Turns out, a lot of those mental tricks I learned don’t apply so well to shorter distances and faster paces.

You see, I’ve gotten really good at this semi-state of concentration that numbs the slight pain of marathon pace (that is, until you get to mile 21) and allows for deviation in focus momentarily away from running and towards, you know, unicorns, Phil Dunphy, Dance Moms, and so on and so forth.

While this works great for 3+ hours of running, a race that is less than a TV show (or two TV shows) can’t afford a lapse in concentration. Or so I’ve come to notice.

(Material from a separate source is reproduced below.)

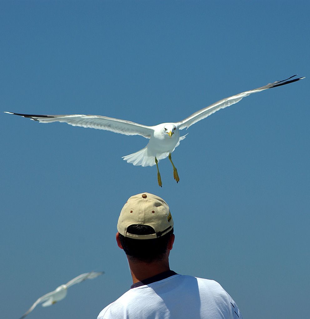 Disturba un po' l'altro gabbiano sullo sfondo. Prova a clonarlo via.

I’ve raced two 5Ks since the marathon and while the times have been fantastic for me, the mental state has not.

When the pain sets in (which is fairly early in the race in a 5K), I have gotten really good at convincing myself that I “do not care…I already achieved the goal I wanted (BQ)…who cares what I run in the [insert name here] 5k…do not care…should I just walk?…want.to.stop.” People pass me and, instead of it motivating me to speed up, it further bolsters my argument to myself that “I am fading and should slow down.”

My pain brain wants to quit and is a bit apathetic.

I also need to stop taking the first 800 meters out like there’s no tomorrow, but that’ a bit more easily fixable than my pain brain.

I’m racing a 10K tomorrow and trying some new mental tips and tricks I’ve gotten from friends. We’ll see how it goes.

I guess that’s the nice thing about sports – there is always a weakness to work on.

And, for the public record, I retract my broad statement that one of my running talents is an iron stomach. It deserves a caveat. I have an iron stomach for Gu during long runs and marathons. What I do not have an iron stomach for is short distance racing. I have a very compliant lower esophageal sphincter after pretty much every 5K finish line (ie I vomit).

TELL ME: HOW DO YOU HANDLE 5KS? 10KS?

Until next time…

[PS: This does not mean I don’t like 5Ks. I still do, but I just need to get a bit better at them. 🙂 #5krevolution lives!]